Our initial “four week” preview before The Tampa Bay Championship has now developed and things have become a lot clearer before the first major, now only TWO weeks away!Brandt Snedeker simply does not look right sadly and even though he has drifted out in the market, his game will not hack Augusta in its current state. We never thought we would say that! Charles Howell looks very likely to not make the field sadly and Charl Schwartzel is too up and down for us.  He is definitely one of those with the capabilities but his inconsistency per round makes us slightly uncomfortable!
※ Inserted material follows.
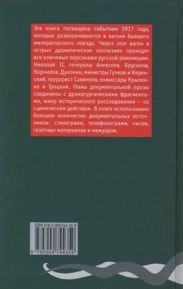 Эта книга посвящена событиям 1917 года, которые разворачиваются в вагоне бывшего императорского поезда. Через этот вагон в острых драматических коллизиях проходят все ключевые персонажи русской революции: Николай II, генералы Алексеев, Брусилов, Корнилов, Духонин, министры Гучков и Керенский, террорист Савинков, комиссары Крыленко и Троцкий. Главы документальной прозы соединены с драматургическими фрагментами, жанр исторического расследования - со сценическим действом.

We wanted to share a system with you in  how we picked our initial players, as there are many trends at this major mainly due to the fact it never moves…

Previous Trends

  • Each of the past 13 winners made the cut at The Masters the year before
  • The past 15 major winners had a previous top-10 in the same year
  • Past 5 winners were in the top 60 for driving distance on Tour and averaging 290 yards throughout the season
  • Past 6 winners have been inside the top 63 for scoring average on Tour
  • 7 of the past 8 winners finished in the top-25 at the previous years PGA Championship

This criteria cut the field down considerably, so we then added other key stats

Adam Scott is one of those players that can really drive it far

Adam Scott is one of those players that can really drive it far

  • Changes were made in 2008 to combat a certain Tiger and since then every winner hit GIR of at least 68% during the 4 days. We therefore are factoring in GIR of around 60% on Tour for the season
  • The last 5 winners had driving accuracy of at least 58%, so we feel around 55% accuracy of the tee is required
  • 9 of the last 11 winners were inside the top 20 for putting average during the tournament, so we are looking at around the top 75 in putting stats.
  • The most crucial holes where you need to find birdies are the par 5’s. The past 5 winners have hit a combined under par average, so around top 75 on par 5 scoring average and par 5 birdies or better % – The last 4 winners have played their combined 64 Par 5 holes in –38

This pretty much cancelled out the whole field and left us with only a few golfers, but for safe measure, we incorporated the following variations

  • There’s been only one first-time PGA Tour winner at the Masters since 1948: Bernhard Langer in 1985.
  • 69% or 24 of 35 players of the Top 3 finishers from 2004 through 2012 at Augusta were residents in the Southern United States
  • The average age of the green jacket bearer is 32
  • The average attempts before a first win is 6

With all of those trends considered, we were left with just 3 players.

  • Tiger Woods

Now it is no real surprise to be left with the new number 1 golfer in the world.  He ticks every single box and has been on majestic form this year.  The only things stopping Woods is the fact that the number 1 has not won here since 2002. Guess who that was though?

  • Justin Rose

His odds have been cut down by many bookmakers for obvious reasons – he is finally in the major-winning form his amateur days promised.  Tee to green he is technically superb and his putting is getting better.

  • Adam Scott

Now there is one thing that isn’t in the Australians favour – he does not live in Southern United States. However, when everything else is is a perfect fit, you cannot ignore him.  He is a definate major-winner and he will want to avenge last years collapse at The Open.

Special mention must go to Sergio Garcia whose stats are a perfect match, however he missed the cut at the PGA and also lives back in Europe. Funnily enough one of his houses is next door to Scott!

We will be publishing our 6 initial picks this week before a final preview the Monday of the actual tournament.  For now, here is our stats pack that you may find very helpful in making your decision!

Stats masters 1stats masters 2

On the European circuit –

euro stats

In terms of the stats, Peter Hanson, Hunter Mahan, Keegan Bradley, Henrik Stenson and Charles Howell stand out in particular, with good all round games from tee to green.